En nombre de Chemosh,
Mina
—Dile a la Suma Sacerdotisa Mina que me encantaría ir a hablar de teología con ella, pero que tengo asuntos urgentes que atender en mi propio templo —dijo Lleu—. Dale las gracias por su invitación.
—Yo que vos lo pensaría mejor, padre —dijo el recadero con un guiño—. Es una preciosidad.
—La Suma Sacerdotisa es una eclesiástica y mayor que tú —replicó Lleu con una mirada iracunda—. Igual que yo. Nos debes más respeto a los dos.
—Sí, padre —dijo el chico, antes de escabullirse.
Lleu regresó al altar. Volvió a contemplar el rostro de Kiri—Jolith, esta vez para buscar seguridad en él.
El dios lo miraba con frialdad y Lleu casi pudo escuchar su voz. «No quiero cobardes a mi servicio.»
Lleu no creía que estuviera siendo cobarde, sino sensato. No tenía que intercambiar ideas ni tener una charla con esa mujer, y por supuesto no estaba interesado en Chemosh.
Regresó al estudio para terminar la carta.
La péndola escupió tinta. El joven clérigo derramó la del tintero. Por fin se dio por vencido. Contemplando el aguacero que repicaba en el tejado del templo como un tambor que llamara a la batalla a todos los verdaderos caballeros, Lleu trató de quitarse de la cabeza toda idea sobre unos ojos ambarinos.

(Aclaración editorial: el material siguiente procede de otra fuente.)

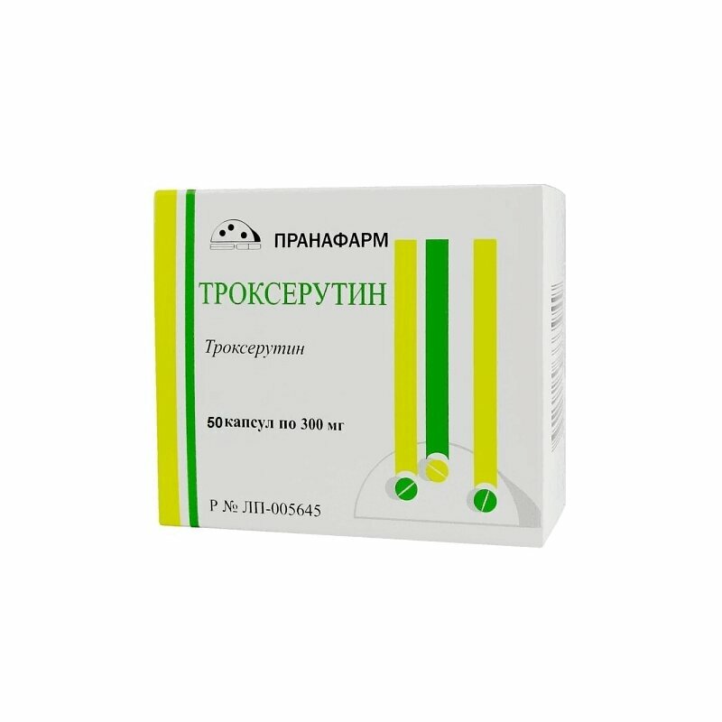Троксерутин представляет собой производное рутина (флавоноид), обладает Р-витаминной активностью, оказывает венотонизирующее, ангиопротекторное, противоотечное, антиоксидантное и противовоспалительное действие. Троксерутин блокирует гиалуронидазу, стабилизирует гиалуроновую кислоту клеточных мембран и уменьшает их проницаемость. Обладает антиоксидантной активностью, в результате чего предотвращает окисление аскорбиновой кислоты, адреналина и липидов. Кроме того, уменьшает проницаемость и ломкость капилляров, предотвращает повреждение базальной мембраны эндотелиальных клеток при воздействии на нее различных факторов. Снижает воспаление в сосудистой стенке, ограничивая адгезию тромбоцитов к ее поверхности. Ингибирует агрегацию и увеличивает степень деформации эритроцитов. Пациентам с хронической венозной недостаточностью рекомендуется применение, как в начальных, так и на поздних стадиях заболевания. Возможно применение в качестве одного из компонентов комплексного лечения. Троксерутин уменьшает отечность и ощущение тяжести в ногах, снижает интенсивность боли и судорог, улучшает трофику тканей. Троксерутин облегчает симптомы, связанные с геморроем (боль, экссудация, зуд, кровотечение). Благодаря воздействию на проницаемость и резистентность стенок капилляров троксерутин способствует замедлению прогрессирования диабетической ретинопатии. Влияние троксерутина на реологические свойства крови способствует прекращению развития микротромбоза сосудов сетчатки.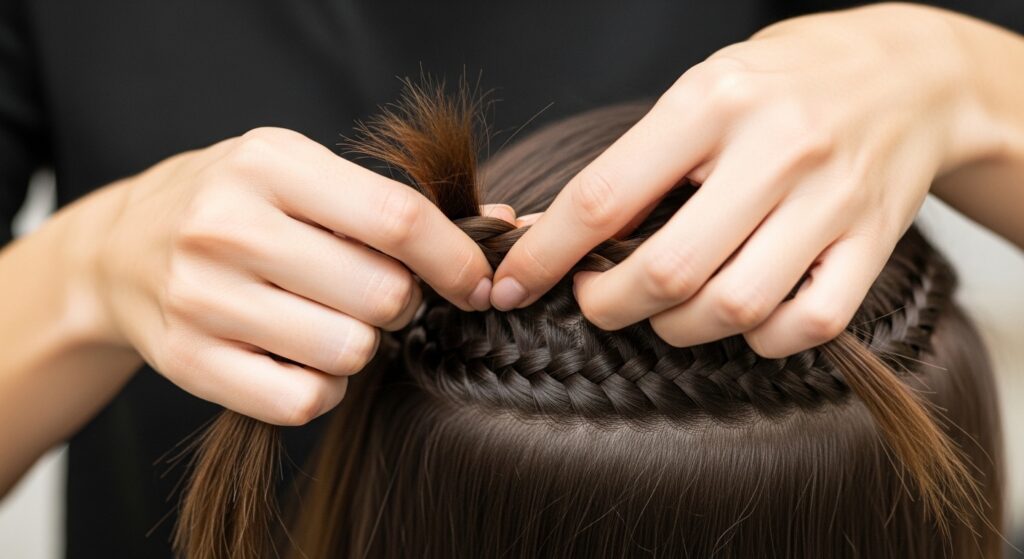 This is a common mistake. You need consistent tension—firm but not yanking. Pull each section snug as you add it, but keep the pressure even. If you pull too tight at the scalp, it gets painful and can cause breakage.

A la hora de la salida de la luna, Lleu se encontraba a la puerta de la hostería. Miró las estatuas de mármol, que irradiaban un brillo fantasmagórico a la luz plateada de Solinari. Al parecer Zeboim se había agotado y, enfurruñada, se había ido con su resentimiento a otra parte, ya que la tormenta había amainado y las nubes se habían disipado.
A Lleu las estatuas le resultaron muy inquietantes. Deseaba tocar una, pero le daba miedo que aún quedara gente observando. Tembló, ya que la noche primaveral era fría y húmeda, y echó una ojeada a su alrededor. El sonido de unas risas y de diversión llegaba a sus oídos, procedente del recinto ferial. Había cerveza y cerdo asado gratis en la feria y la mayoría de los vecinos asistían a la celebración. El silencio reinaba en la hostería.
Lleu alargó la mano para tocar una de las estatuas.
La puerta de la posada se abrió y el clérigo retiró bruscamente la mano.
Mina se hallaba en el umbral, su esbelta figura recortada contra la luz que irradiaba la chimenea.
—Entra —dijo—. Me alegra que cambiaras de parecer.
Su aspecto no era el de una gran sacerdotisa. Se había cambiado el tentador vestido suelto y ya no llevaba la cofia dorada y negra. Lucía un ropaje suave del mismo color, abierto por delante y ceñido a la cintura con una trencilla dorada. El cabello de color caoba lo llevaba tejido y enrollado en la cabeza, sujeto con una horquilla enjoyada hecha de ámbar.